The rulers of The Republic meant well. They were men and women of—for the most part—high ideals. But they were a long way removed, most of them, from those other men and women whose lives they sometimes expended in the service of the government.
As usual, the inner voice of conscience and reason (which sounded, during the times Jonah was not at home, a great deal like Anna) took the opportunity to point out that the rulers of The Republic were no longer “them,” but “us.” Jonah Levin was as much a Paladin—one of the seventeen men and women who ruled The Republic at its highest levels, and from whose numbers the next Exarch would be elected—as was Heather GioAvanti or Victor Steiner-Davion.
That still didn’t mean he liked freezing rain and snow, or even bright cold days like this one, when the sky was an intense and pitiless blue and the sunlight off Lake Geneva blinded his eyes without giving warmth. He had known that the change was coming. He’d packed for it, and had adjusted the climate controls in his quarters on the DropShip during the long transit.
Nevertheless, he was cold, toes and fingers and nose and ears.
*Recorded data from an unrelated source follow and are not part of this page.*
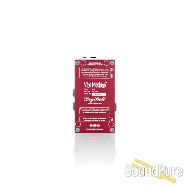 The Vibe Machine™ series – the world’s first smallest vibe pedal. Even in its little box it retains almost all the features of the classic Univibe – small in size, big on sound! When you switch the Vibe Machine on, your guitar melts into a swirling three dimensional space inhabited by chewy vibe harmonics and textures. It’s all here, from shimmering liquid trebles to throbbing pulse-like waves of bass; a sonic force of beauty that tears down the walls around you!
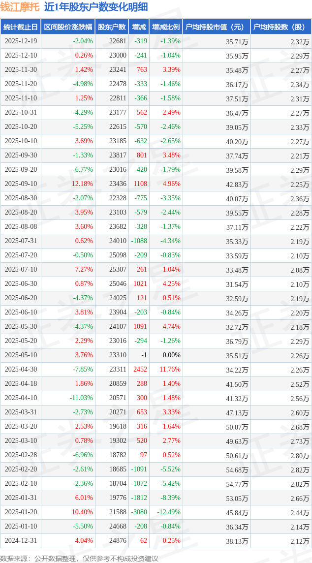 从股价来看,2025年12月10日至2025年12月19日,钱江摩托区间跌幅为2.04%,在此期间股东户数减少319.0户,减幅为1.39%。
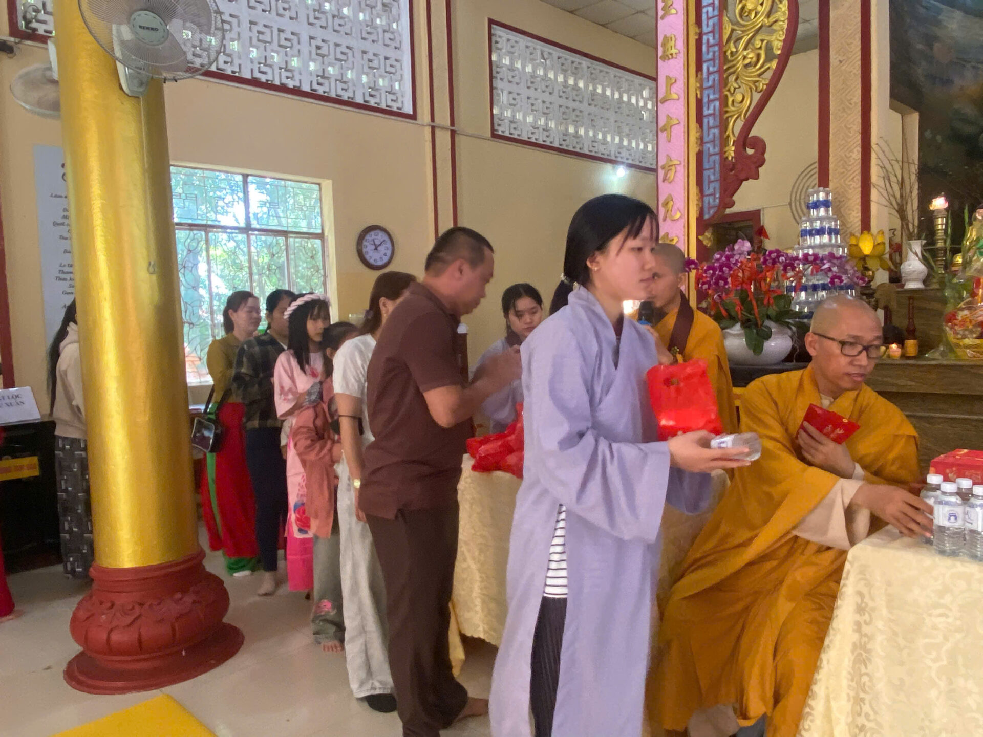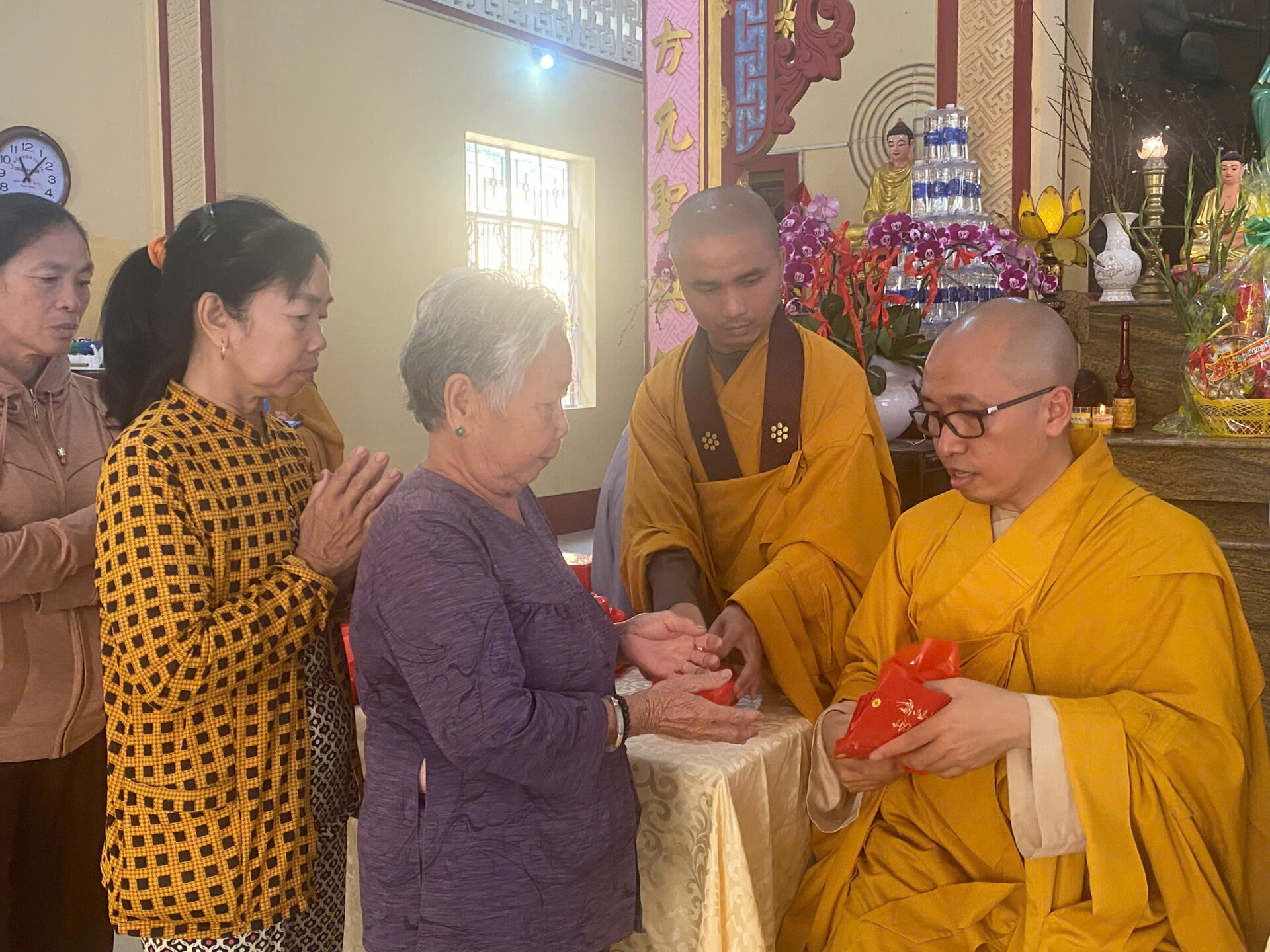Niềm vui đầu Xuân thêm phần viên mãn khi Sư phụ tự tay trao những phong bao lì xì đỏ thắm và những túi gạo lộc đến tận tay từng người. Bao lì xì chuyên chở lời chúc bình an, túi gạo lộc tượng trưng cho sự no ấm, sung túc và phước báu miên trường. Đây không đơn thuần là lộc vật chất, mà chính là nguồn năng lượng gia trì thiêng liêng từ mười phương Tam Bảo.
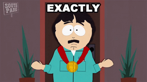 Randy Marsh from South Park, wearing a medal, emphatically states 'Exactly' to the viewer.

He was glad to reach the small residential hotel on the Rue Simon-Durand that had been his preferred lodging place in Geneva since he was first made a Knight and started having to make periodic visits to The Republic’s capital city.
He passed through the doors and entered the pocket-size lobby and guest parlor, made warm by efficient central heating and by the psychological effect of the briskly burning faux logs on the small hearth. The crackling fire was only molded ceramic heating elements and a specialized tri-vid display—preserving clean air above the city was too important to allow for the real thing—but it made an effective imitation. Jonah resisted the urge to go stand in front of it and toast his extremities back to normal, and went straight to the front desk instead.